TitleBeyond the Brothers' War: Gender and the American Civil War
Publication TypeJournal Article
Year of Publication2017
AuthorsEmberton, Carole
JournalRoutledge History of Gender, War, and the U.S. Military
Pagination54 - 67
Date Published08/2018
Abstract

It has become axiomatic among scholars of the American Civil War to think of that conflict as precipitating a “crisis in gender.” Early on, much of the new gender scholarship explored the expanding roles and increased public authority for women that resulted from wartime mobilization. More recently, however, historians have widened their focus to consider how gender shaped not only why war broke out in 1861, but also how the war was waged on the battlefield, in the halls of Congress, and in private homes north and south. As a result, investigations into the gendered dimensions of warfare have pushed the boundaries of military history, from what was once a narrowly defined field focused on commanders and engagements to more expansive and imaginative studies of the dynamics of military households, life in camp, and guerrilla warfare.
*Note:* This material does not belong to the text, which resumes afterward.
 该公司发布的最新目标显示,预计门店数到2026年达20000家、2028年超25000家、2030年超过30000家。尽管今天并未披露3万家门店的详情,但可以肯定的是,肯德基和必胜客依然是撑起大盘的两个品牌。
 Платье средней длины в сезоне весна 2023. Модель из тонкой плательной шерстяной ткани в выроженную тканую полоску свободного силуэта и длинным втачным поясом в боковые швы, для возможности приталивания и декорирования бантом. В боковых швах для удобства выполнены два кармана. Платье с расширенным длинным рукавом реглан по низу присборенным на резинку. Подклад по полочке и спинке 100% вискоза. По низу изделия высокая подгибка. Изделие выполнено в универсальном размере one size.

The last two decades of historical scholarship on Reconstruction have also greatly enhanced our understanding of the intersections of race and gender in post-war struggles to democratize the former Confederacy and protect the civil and political rights of freedpeople. In sum, Civil War historians no longer assume a single crisis in gender but multiple, often overlapping crises that transformed the war and its meaning. [ROUTLEDGE]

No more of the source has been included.